Task objective:
These records contain pictures, which must be left out; copy exactly the lines from the one with "Energy and joy" up to and including the one with "The documentation held".

Dataset records:

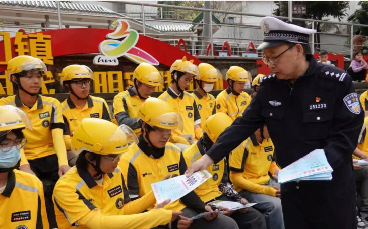 交警结合外卖行业的特点,针对外卖送餐员目前普遍存在的骑行电动自行车时不戴安全头盔、不走非机动车道、逆行、闯红灯以及边开车边讲电话等交通违法行为,分析其危险性及容易导致的事故后果,叮嘱其以后送餐时即使再赶时间也要遵守交通法规,为自己的安全负责,也为他人的安全负责。
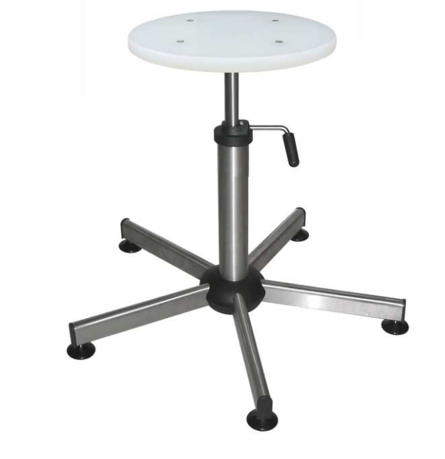 Construction type as shown in the attached picture. N ° 4 support feet with non-slip rubber. Circular seat in stainless steel, adjustable height 500-640 mm with screw.
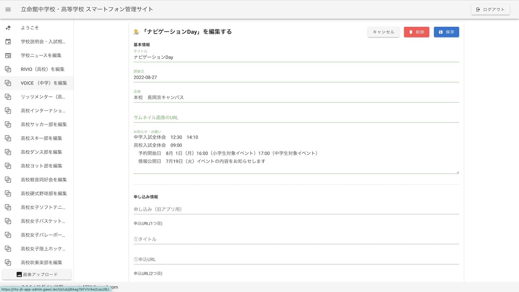 | 対象URL | https://rits-jh-app-admin.gassi.tech/eventから🖋 編集ボタンもしくは新規作成を押したサイト |
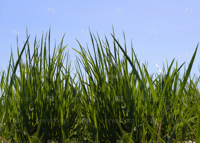 Густая зеленая трава на фоне голубого неба
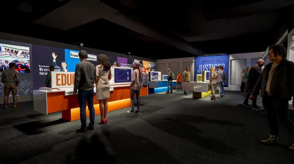 Pillars of Justice places visitors at the center of the narrative. Through immersive media, digital installations, and responsive environments, guests can explore pivotal moments of the Civil Rights Movement while drawing direct lines to the challenges and movements of today. These spaces are built to incorporate visitors’ lived experience and encourage deeper reflection through active participation.
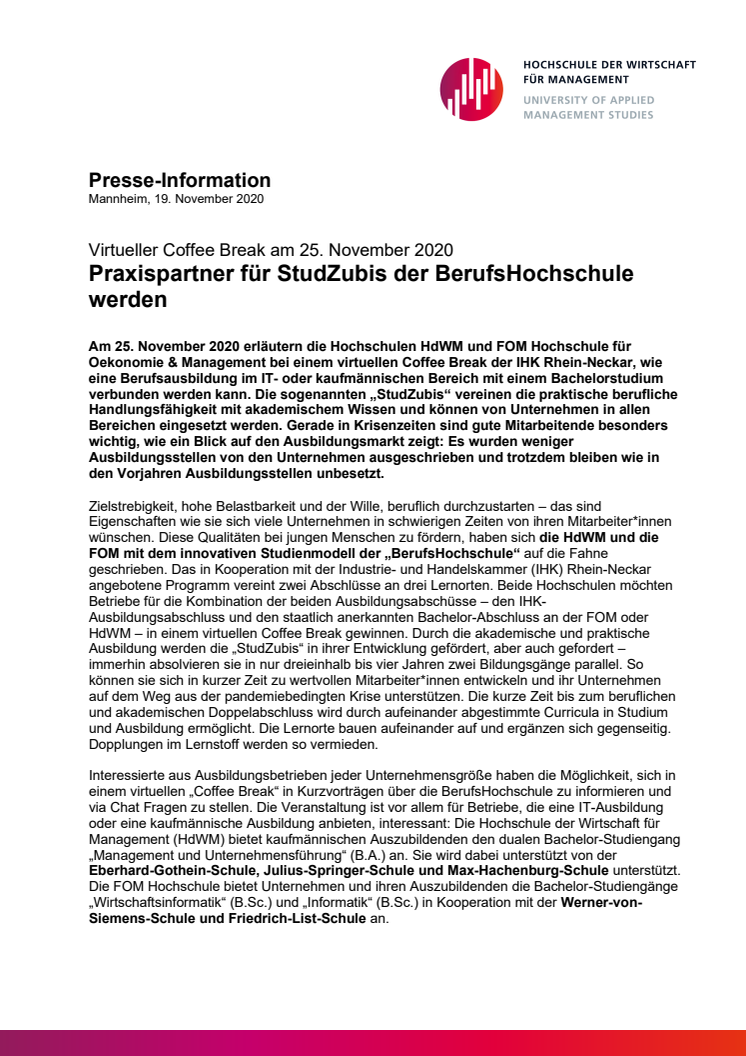 Presseinformation: Die IHK lädt in Kooperation mit der HdWM und FOM am 25.11. zum virtuellen Coffee Break Mehrwert BerufsHochschule.
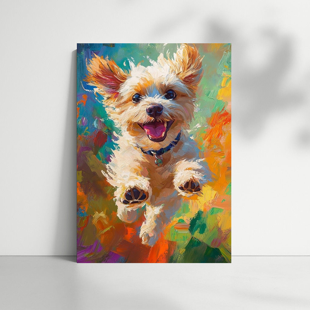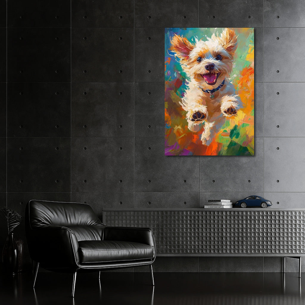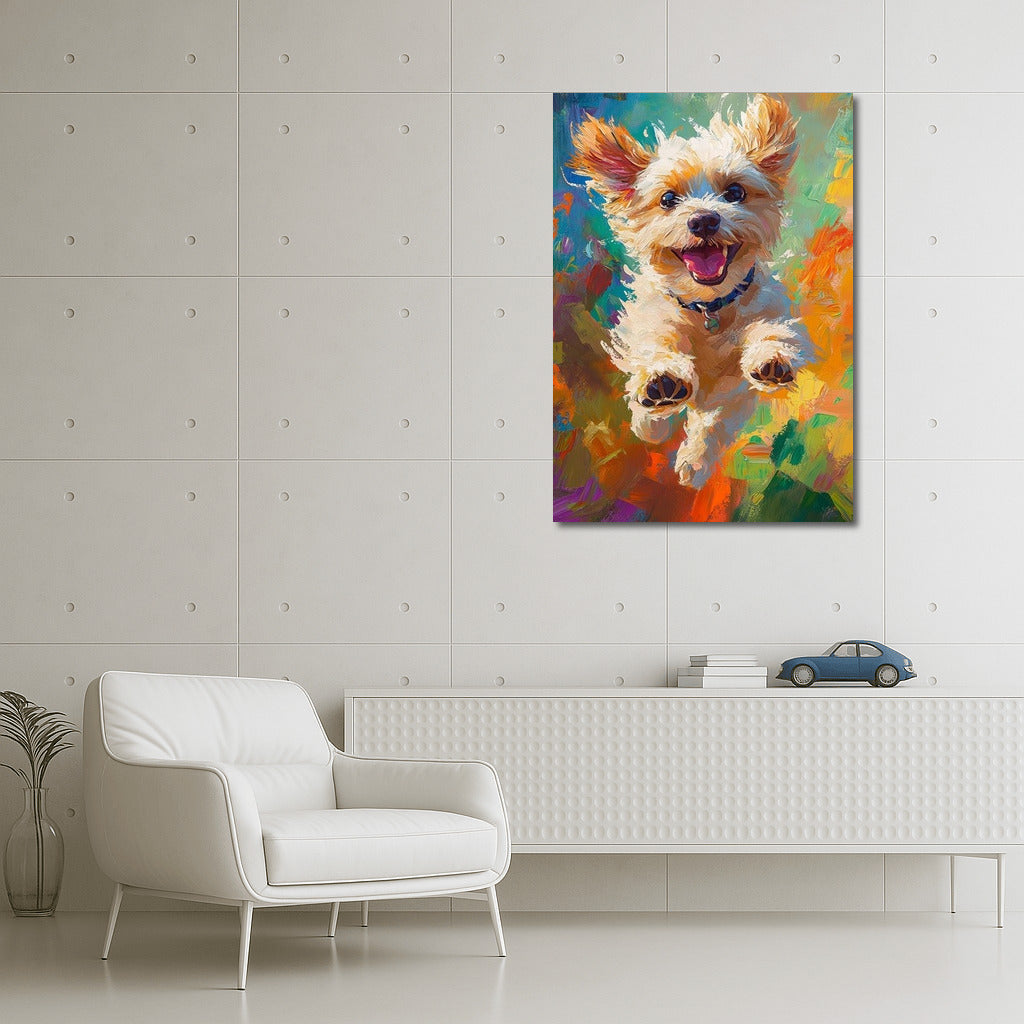 Energy and joy are beating with bright colors! Poster with jumping dog will liven up your space! Wall art for the soul. See more from the collection: Animals Art
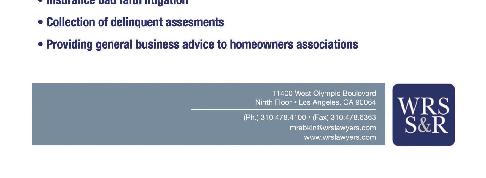 Los Angeles | Orange County | Palm Desert | San Francisco l Ventura 11900 W. Olympic Blvd., Ste. 700 Los Angeles, CA 90064 (800) 372-2207 • Fax (310) 207-2115 slg@sghoalaw.com www.lawforhoas.com
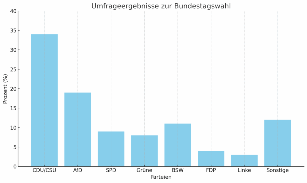 Die einstige Volkspartei SPD bleibt mit 9 % weit hinter den Erwartungen zurück. Dies zeigt, dass die Sozialdemokraten weiterhin Schwierigkeiten haben, ihre Position in der politischen Mitte zu behaupten. Auch die Grünen, die lange Zeit in Umfragen zweistellig lagen, kommen nur auf 8 %. Dies könnte auf die anhaltende Kritik an der Energiepolitik sowie die unklare Haltung in der Migrationspolitik zurückzuführen sein.
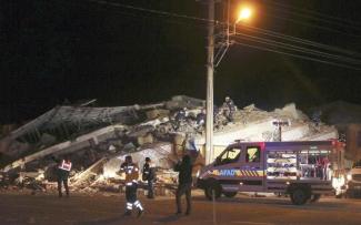 Το κρατικό δίκτυο TRT μετέδωσε εικόνες με δεκάδες μέλη συνεργείων διάσωσης να αναζητούν επιζώντες σε κτίριο στην Ελαγίζ, μέρος του οποίου είχε καταρρεύσει. Τα παράθυρα είχαν σπάσει και τα μπαλκόνια από τουλάχιστον τέσσερις ορόφους είχαν καταρρεύσει.
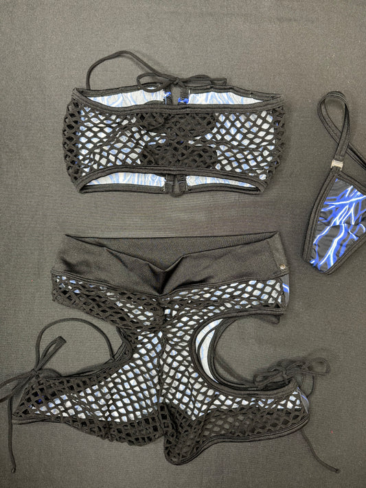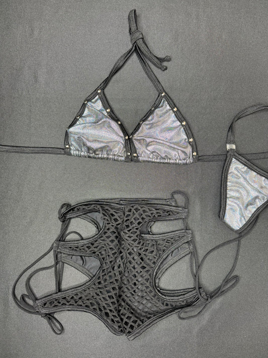 Metallic Black/Black Fishnet Bikini Top/Shorts Two-Piece Lingerie Outfit
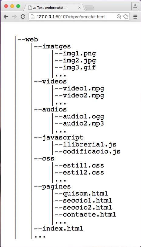 El navegador ens fa un salt de línia cada cop que troba l’etiqueta <br /> tal com podem veure en la figura.
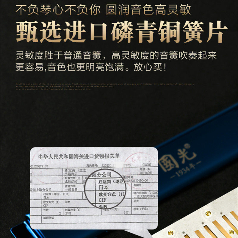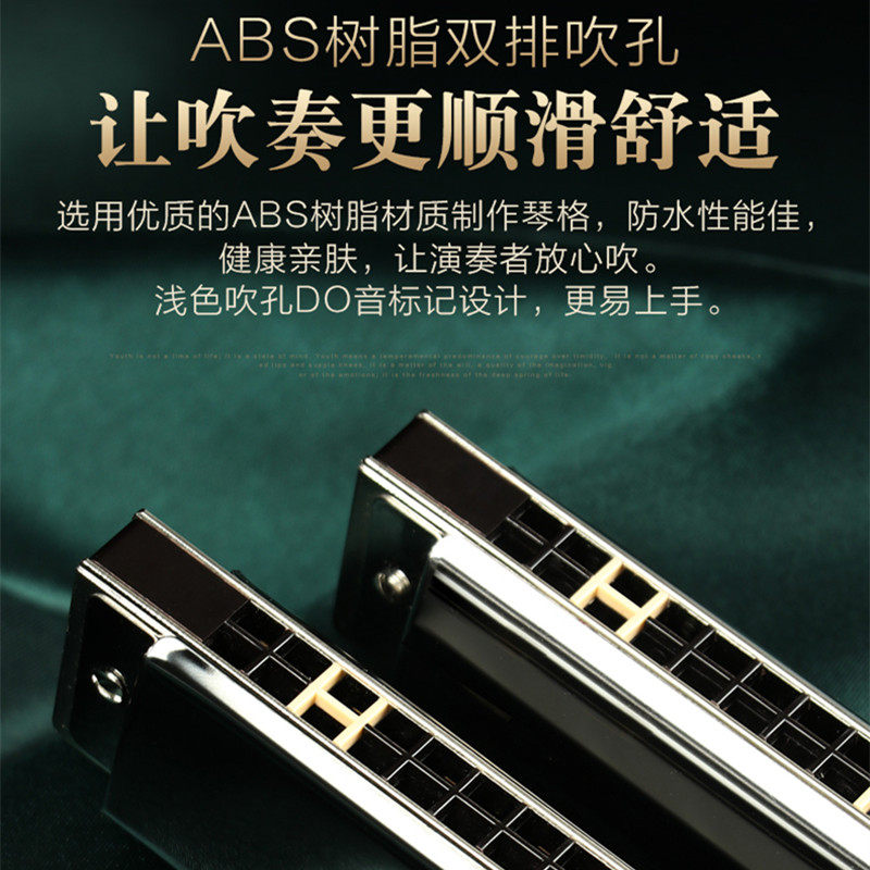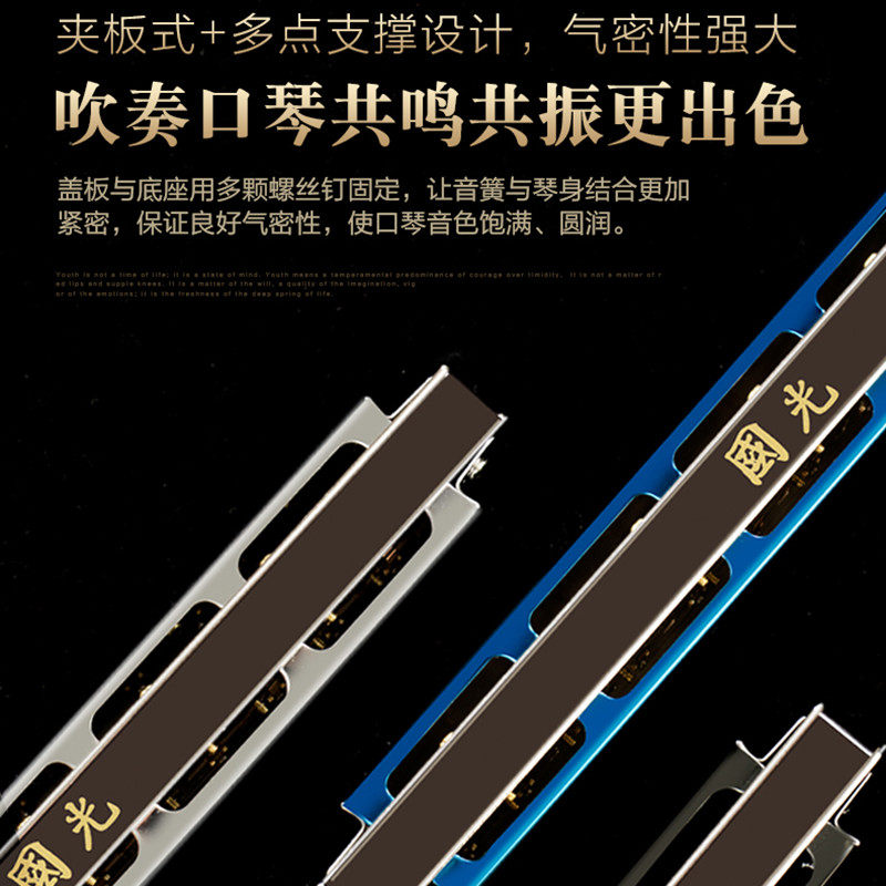 Shanghai old brand Guoguang harmonica professional performance level 28-hole repeat tone C-tune beginner students adult entry
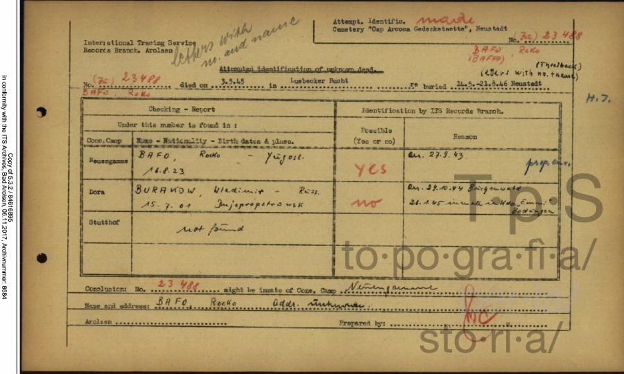 The documentation held by the International Tracing Service confirms the route given in these accounts, even if the dates of arrival vary slightly. Some registration cards give the departure date as 13 September and the arrival in Neuengamme on the 24th of the same month16. Other internees were instead registered as being present in Neuengamme only on 27 September17.
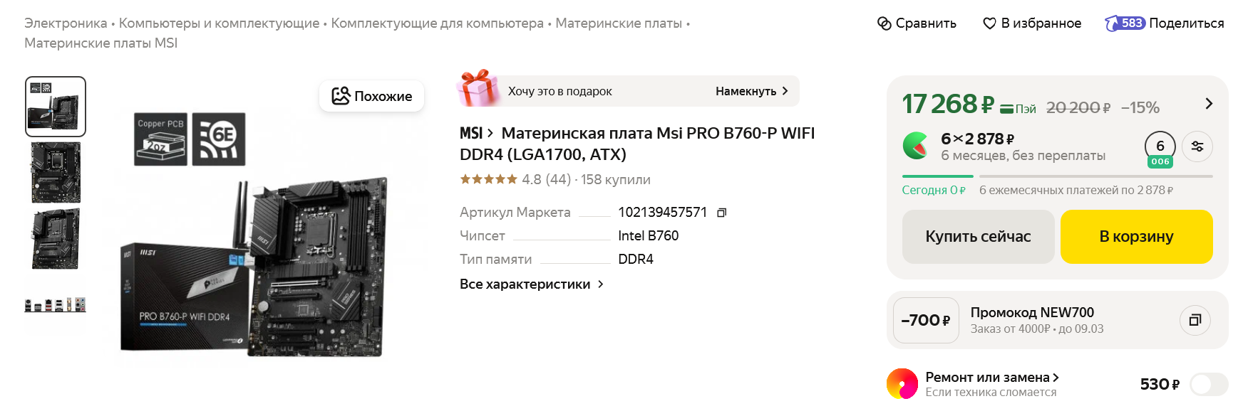 Еще летом прошлого года геймера, выбирающего мощный процессор и ОЗУ DDR4, засмеяли бы на форумах и в комментариях. Но сегодня другого выхода нет, так как гораздо выгоднее вложить разницу в стоимости между ОЗУ DDR4 и DDR5 в видеокарту, получив гораздо больше производительности. Поэтому в нашу сборку сегодня мы возьмем отличную материнскую плату MSI PRO B760-P WIFI DDR4.
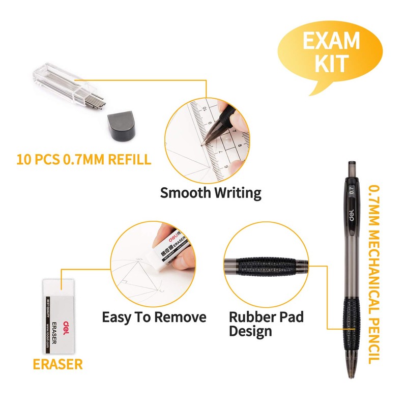 - ☛ EXAM KIT: 1 mechanical pencil, 1 box of 0.7mm replacement lead refill, 1 eraser. The pencil features smooth writing and durability. Block style of the eraser is perfect for getting into little corners or erasing large areas quickly. This pencil case set is a must-have for students.
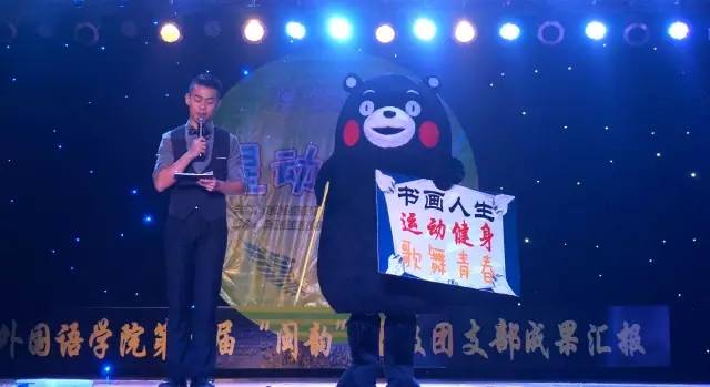 15日语1班团支部围绕“趣艺汇通”主题分为“书法组”、“运动健身组”以及“歌舞组”进行建设。“小搭档”熊本熊更是晚会当之无愧的“熊一号”!
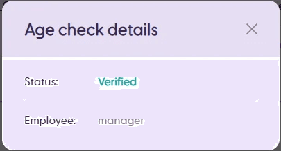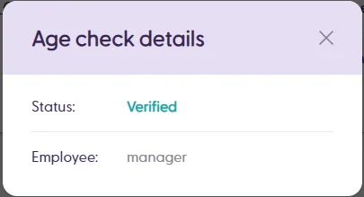 Similarly, clicking on “Show details” next to the Age Check entry will open a modal dialog with more details about this process. This includes the status of the age verification and the username of the Supervisor user who completed the verification.
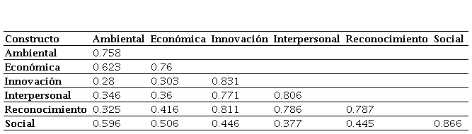 Para comprobar la no repetición en la explicación por parte de los indicadores, se hizo uso del análisis del Alpha de Cronbach y de la CR. Los resultados obtenidos mantienen un valor de 0.861 tanto para el Alpha como para CR, por lo que los indicadores se presentan como no reiterativos (Cheah et ál., 2019; Hair et ál., 2019).
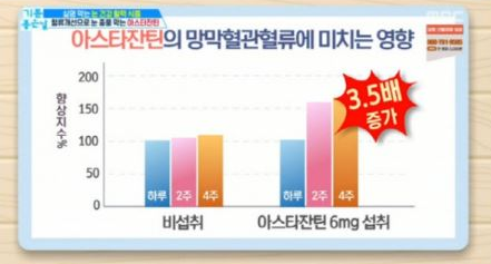 최근 건강 보조 제품으로 떠오른 크릴오일과 헤마토코쿠스에도 아스타잔틴이 함유되어 있다고 해 놀라움을 자아냈다. 크릴오일에 들어있는 아스타잔틴은 뇌 노화 예방에 탁월하며 효과적인 황산화 효과를 보여준다. 헤마토코쿠스' 속 아스타잔틴도 마찬가지로 황상화눈 속 염증을 제거하고 강력한 황산화 작용을 해 치매 예방과 눈 건강에 도움을 준다.
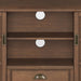 - Transitional design includes rounded molded table top, ladder framed doors, square, slightly tapered legs and antique bronze classic drawer pulls

Written solution:
 Energy and joy are beating with bright colors! Poster with jumping dog will liven up your space! Wall art for the soul. See more from the collection: Animals Art
 Los Angeles | Orange County | Palm Desert | San Francisco l Ventura 11900 W. Olympic Blvd., Ste. 700 Los Angeles, CA 90064 (800) 372-2207 • Fax (310) 207-2115 slg@sghoalaw.com www.lawforhoas.com
 Die einstige Volkspartei SPD bleibt mit 9 % weit hinter den Erwartungen zurück. Dies zeigt, dass die Sozialdemokraten weiterhin Schwierigkeiten haben, ihre Position in der politischen Mitte zu behaupten. Auch die Grünen, die lange Zeit in Umfragen zweistellig lagen, kommen nur auf 8 %. Dies könnte auf die anhaltende Kritik an der Energiepolitik sowie die unklare Haltung in der Migrationspolitik zurückzuführen sein.
 Το κρατικό δίκτυο TRT μετέδωσε εικόνες με δεκάδες μέλη συνεργείων διάσωσης να αναζητούν επιζώντες σε κτίριο στην Ελαγίζ, μέρος του οποίου είχε καταρρεύσει. Τα παράθυρα είχαν σπάσει και τα μπαλκόνια από τουλάχιστον τέσσερις ορόφους είχαν καταρρεύσει.
 Metallic Black/Black Fishnet Bikini Top/Shorts Two-Piece Lingerie Outfit
 El navegador ens fa un salt de línia cada cop que troba l’etiqueta <br /> tal com podem veure en la figura.
 Shanghai old brand Guoguang harmonica professional performance level 28-hole repeat tone C-tune beginner students adult entry
 The documentation held by the International Tracing Service confirms the route given in these accounts, even if the dates of arrival vary slightly. Some registration cards give the departure date as 13 September and the arrival in Neuengamme on the 24th of the same month16. Other internees were instead registered as being present in Neuengamme only on 27 September17.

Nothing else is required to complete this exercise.